- _Your objective_
Strip out all images, then restate the data verbatim.

START Data extract

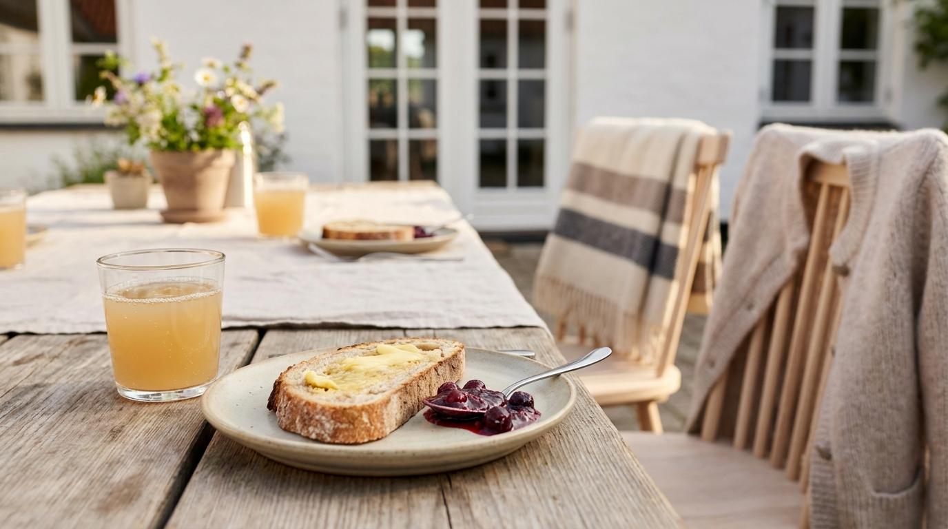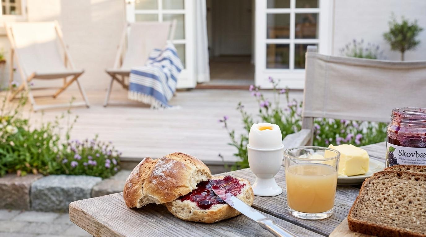 Økologisk morgenmad gårdophold: nyd hjemmebag, æg, yoghurt og juice i roligt fællesrum/gårdhave – smag sæsonen på landet med omtanke og nærvær.
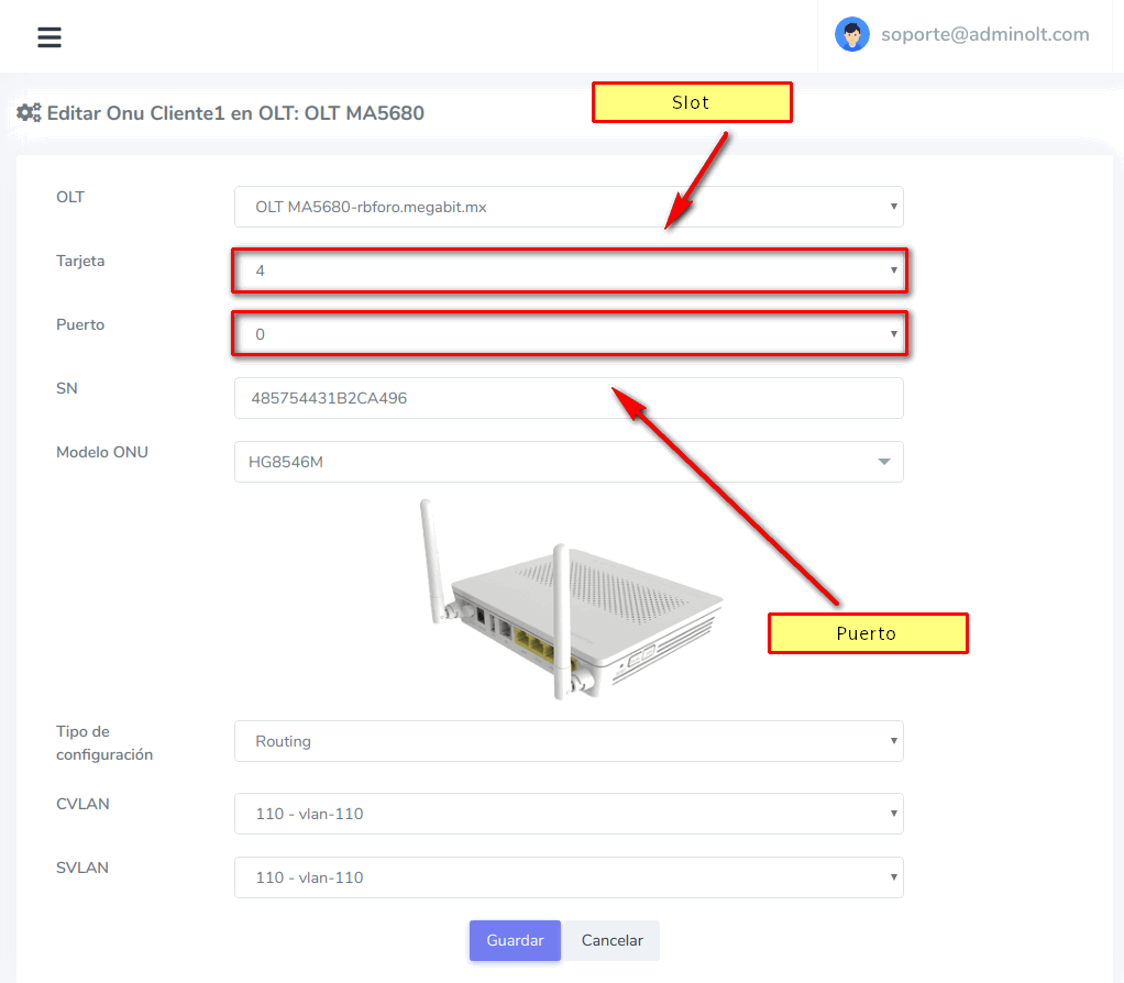 Editar Slot de ONU desde Lista de ONU's Autorizadas
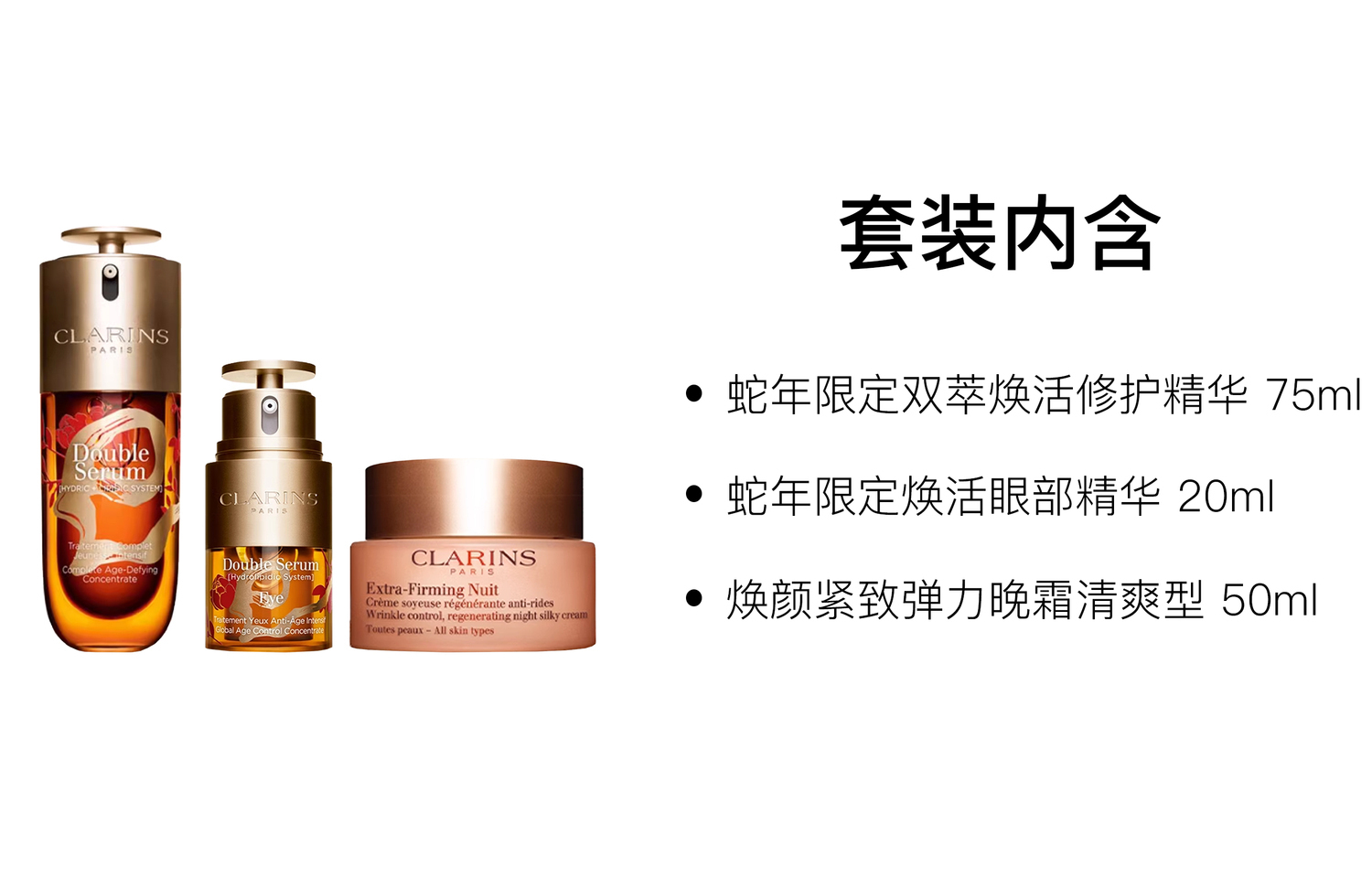 Вес нетто: восстанавливающая сыворотка с двумя экстрактами 75 мл + восстанавливающая сыворотка для кожи вокруг глаз 20 мл + восстанавливающий подтягивающий ночной крем с легкой текстурой 50 мл

END Data extract

- _Solution for this problem_
 Økologisk morgenmad gårdophold: nyd hjemmebag, æg, yoghurt og juice i roligt fællesrum/gårdhave – smag sæsonen på landet med omtanke og nærvær.
 Editar Slot de ONU desde Lista de ONU's Autorizadas
 Вес нетто: восстанавливающая сыворотка с двумя экстрактами 75 мл + восстанавливающая сыворотка для кожи вокруг глаз 20 мл + восстанавливающий подтягивающий ночной крем с легкой текстурой 50 мл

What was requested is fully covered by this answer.